Stored records.
================

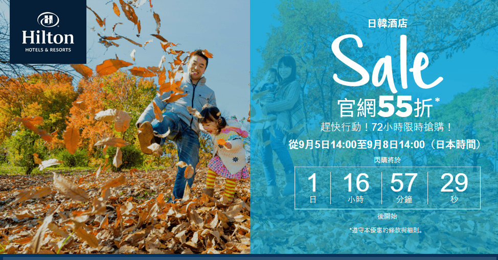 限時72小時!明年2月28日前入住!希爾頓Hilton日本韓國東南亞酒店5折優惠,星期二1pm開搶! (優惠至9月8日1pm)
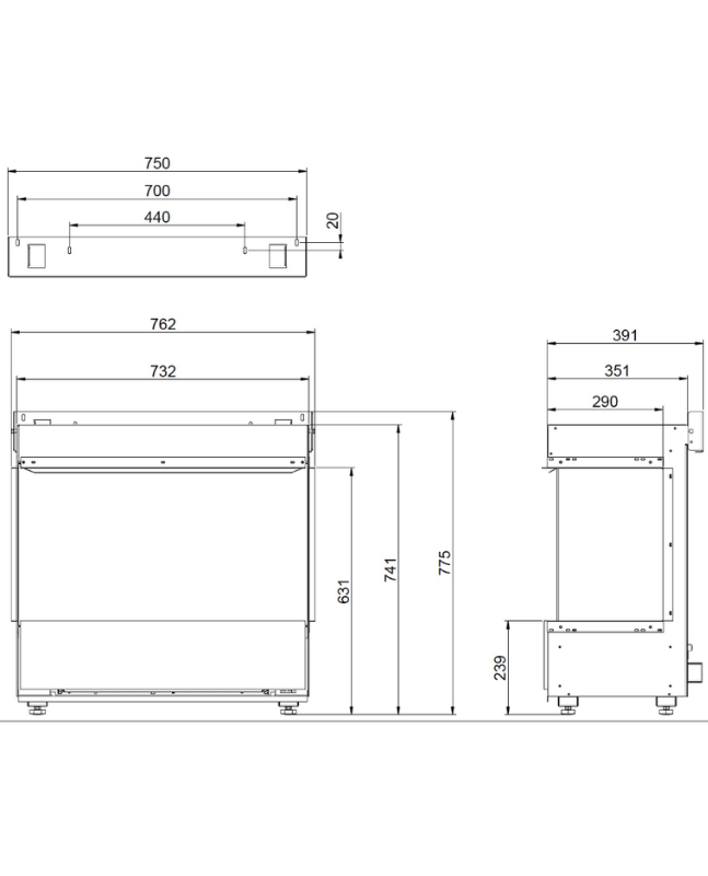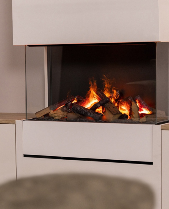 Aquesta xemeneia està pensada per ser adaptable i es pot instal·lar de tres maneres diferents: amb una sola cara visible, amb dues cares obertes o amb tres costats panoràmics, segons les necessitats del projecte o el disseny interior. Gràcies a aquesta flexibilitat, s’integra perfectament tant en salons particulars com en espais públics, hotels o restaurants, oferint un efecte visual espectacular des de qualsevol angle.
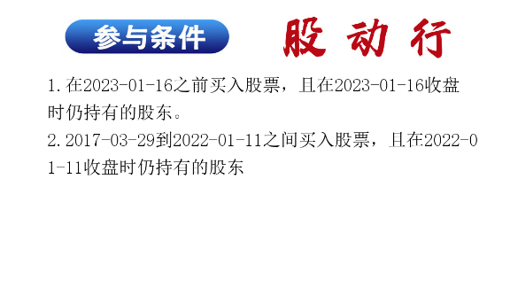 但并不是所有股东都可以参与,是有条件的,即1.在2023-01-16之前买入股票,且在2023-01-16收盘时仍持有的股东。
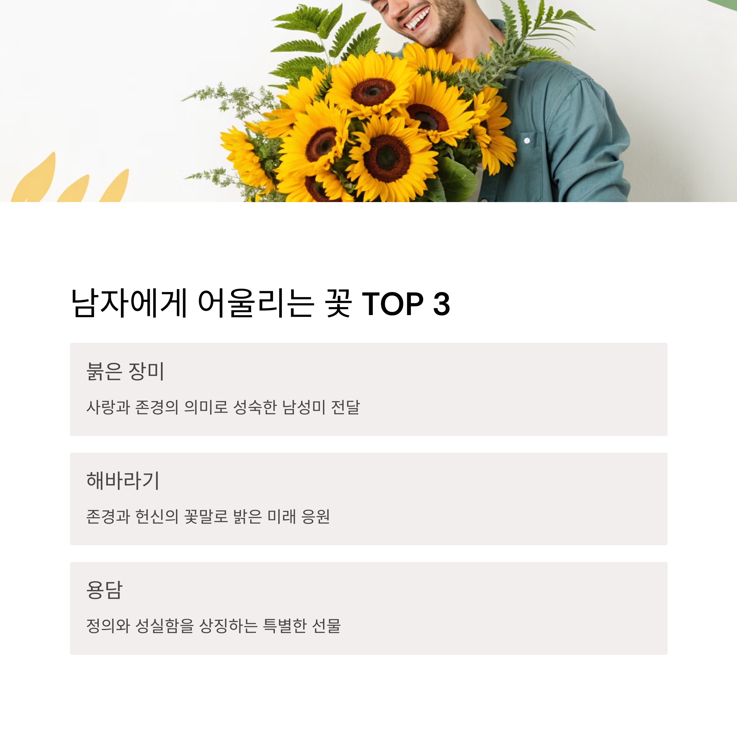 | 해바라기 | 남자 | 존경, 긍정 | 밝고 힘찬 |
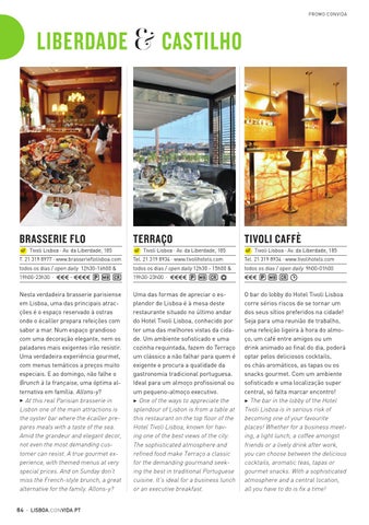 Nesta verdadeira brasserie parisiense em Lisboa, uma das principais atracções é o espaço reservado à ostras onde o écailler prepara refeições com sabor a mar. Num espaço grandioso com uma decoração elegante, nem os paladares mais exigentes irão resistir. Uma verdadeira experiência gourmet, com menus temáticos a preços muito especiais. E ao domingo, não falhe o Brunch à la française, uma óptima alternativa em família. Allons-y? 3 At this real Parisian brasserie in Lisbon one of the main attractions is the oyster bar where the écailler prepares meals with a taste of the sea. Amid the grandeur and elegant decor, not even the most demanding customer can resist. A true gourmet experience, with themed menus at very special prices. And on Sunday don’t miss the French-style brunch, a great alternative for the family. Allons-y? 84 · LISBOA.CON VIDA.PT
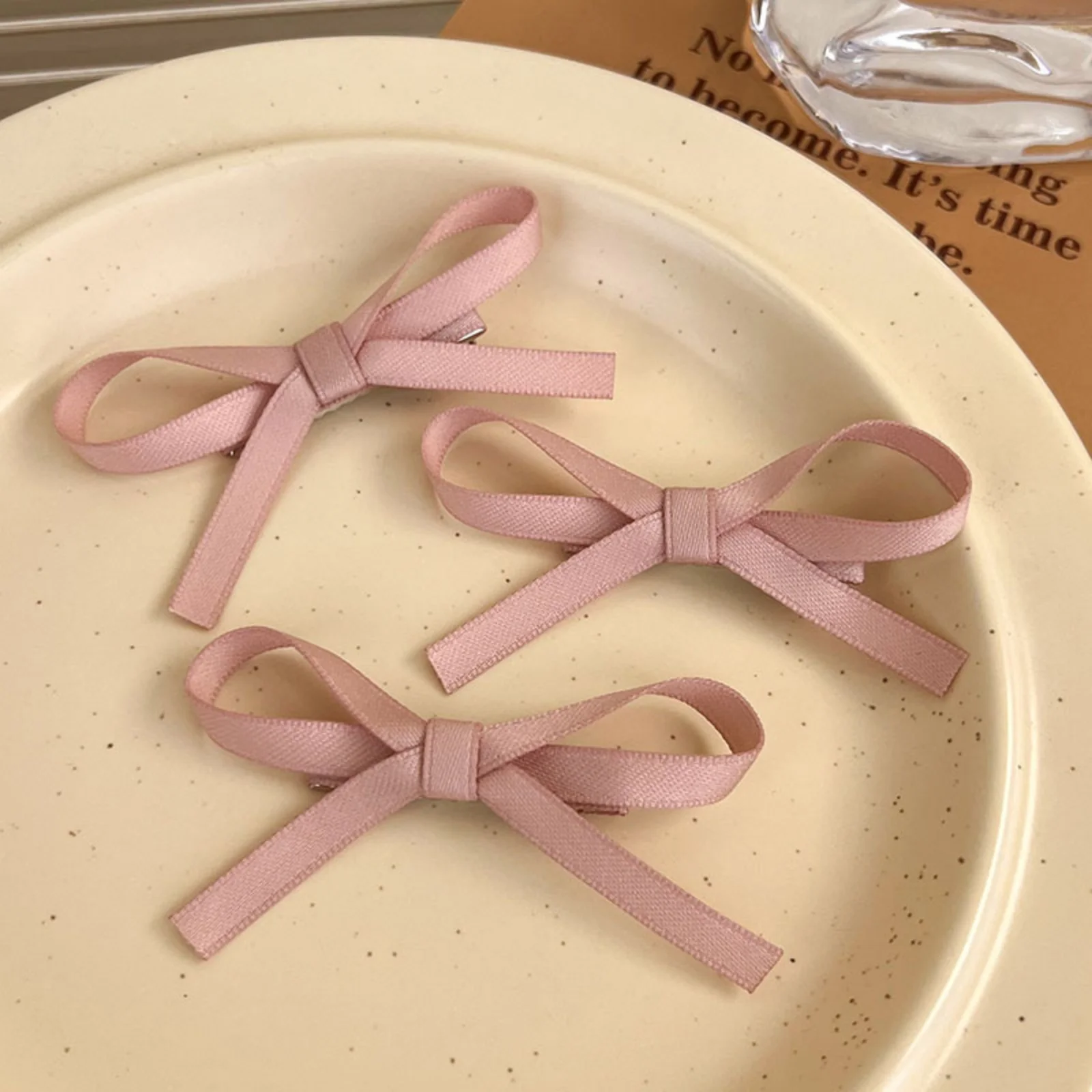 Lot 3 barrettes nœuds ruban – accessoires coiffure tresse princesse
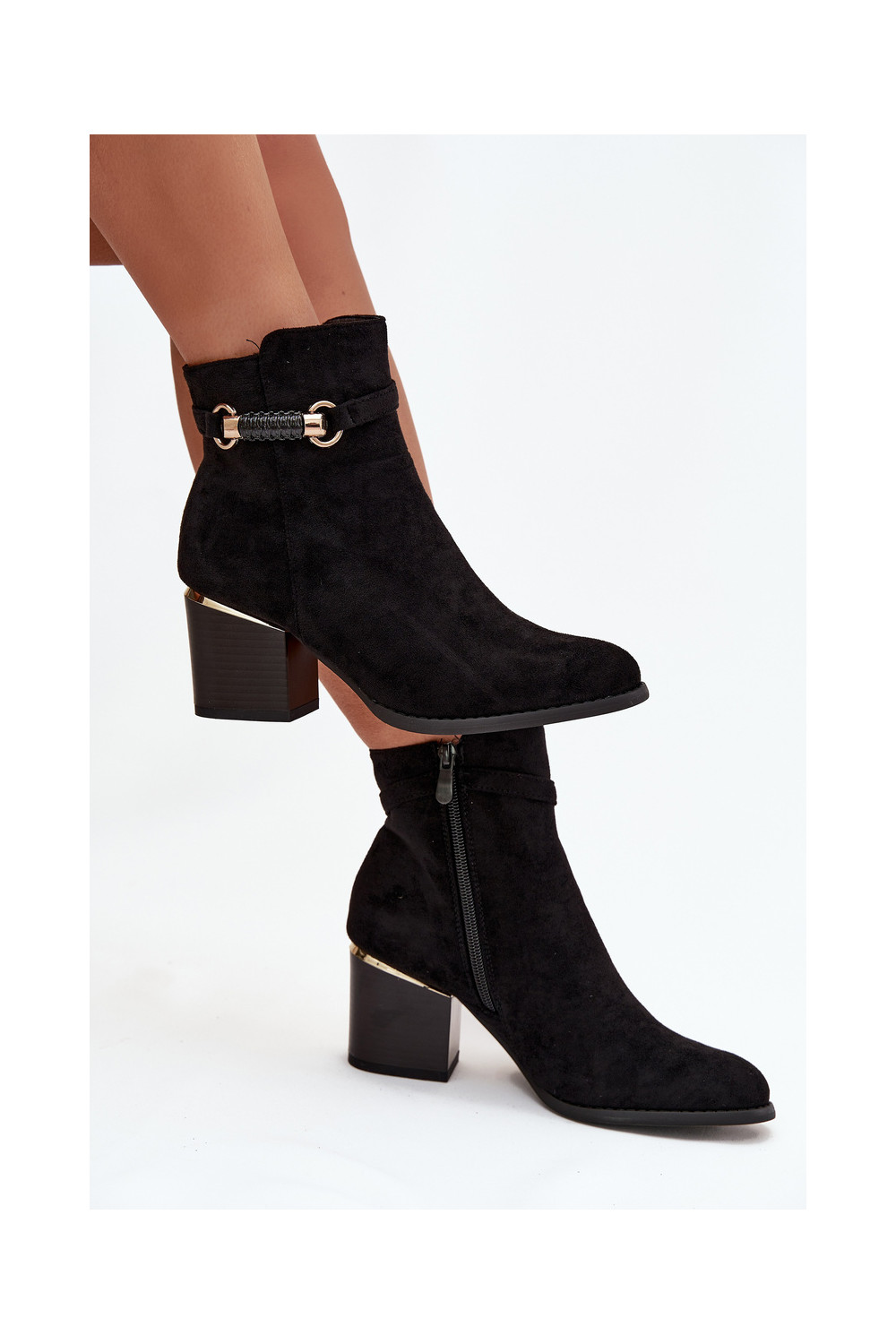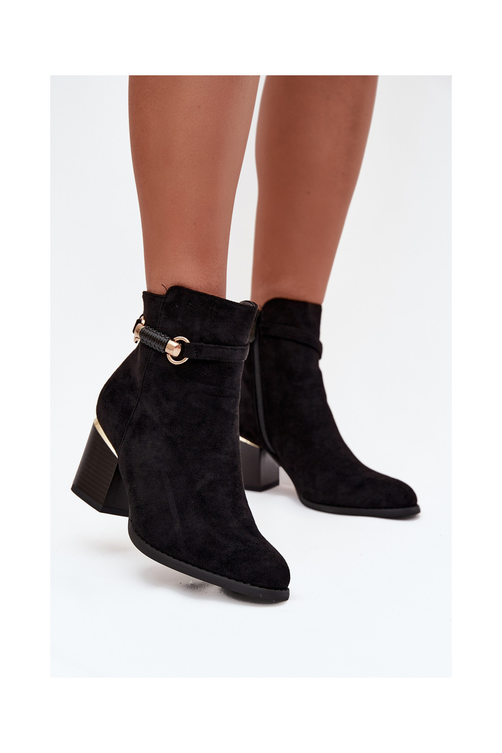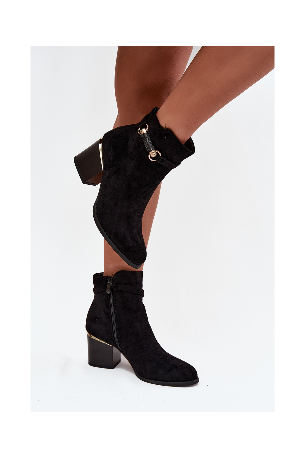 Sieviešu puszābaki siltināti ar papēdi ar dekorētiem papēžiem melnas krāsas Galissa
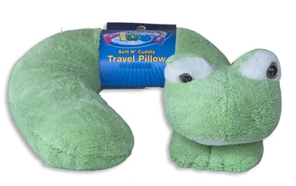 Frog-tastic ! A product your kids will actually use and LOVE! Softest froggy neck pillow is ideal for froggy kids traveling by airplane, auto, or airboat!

================

AIM OF THE TASK.
Copy out every line of the data exactly, leaving the images behind.

SOLUTION TO THIS PROBLEM.
 限時72小時!明年2月28日前入住!希爾頓Hilton日本韓國東南亞酒店5折優惠,星期二1pm開搶! (優惠至9月8日1pm)
 Aquesta xemeneia està pensada per ser adaptable i es pot instal·lar de tres maneres diferents: amb una sola cara visible, amb dues cares obertes o amb tres costats panoràmics, segons les necessitats del projecte o el disseny interior. Gràcies a aquesta flexibilitat, s’integra perfectament tant en salons particulars com en espais públics, hotels o restaurants, oferint un efecte visual espectacular des de qualsevol angle.
 但并不是所有股东都可以参与,是有条件的,即1.在2023-01-16之前买入股票,且在2023-01-16收盘时仍持有的股东。
 | 해바라기 | 남자 | 존경, 긍정 | 밝고 힘찬 |
 Nesta verdadeira brasserie parisiense em Lisboa, uma das principais atracções é o espaço reservado à ostras onde o écailler prepara refeições com sabor a mar. Num espaço grandioso com uma decoração elegante, nem os paladares mais exigentes irão resistir. Uma verdadeira experiência gourmet, com menus temáticos a preços muito especiais. E ao domingo, não falhe o Brunch à la française, uma óptima alternativa em família. Allons-y? 3 At this real Parisian brasserie in Lisbon one of the main attractions is the oyster bar where the écailler prepares meals with a taste of the sea. Amid the grandeur and elegant decor, not even the most demanding customer can resist. A true gourmet experience, with themed menus at very special prices. And on Sunday don’t miss the French-style brunch, a great alternative for the family. Allons-y? 84 · LISBOA.CON VIDA.PT
 Lot 3 barrettes nœuds ruban – accessoires coiffure tresse princesse
 Sieviešu puszābaki siltināti ar papēdi ar dekorētiem papēžiem melnas krāsas Galissa
 Frog-tastic ! A product your kids will actually use and LOVE! Softest froggy neck pillow is ideal for froggy kids traveling by airplane, auto, or airboat!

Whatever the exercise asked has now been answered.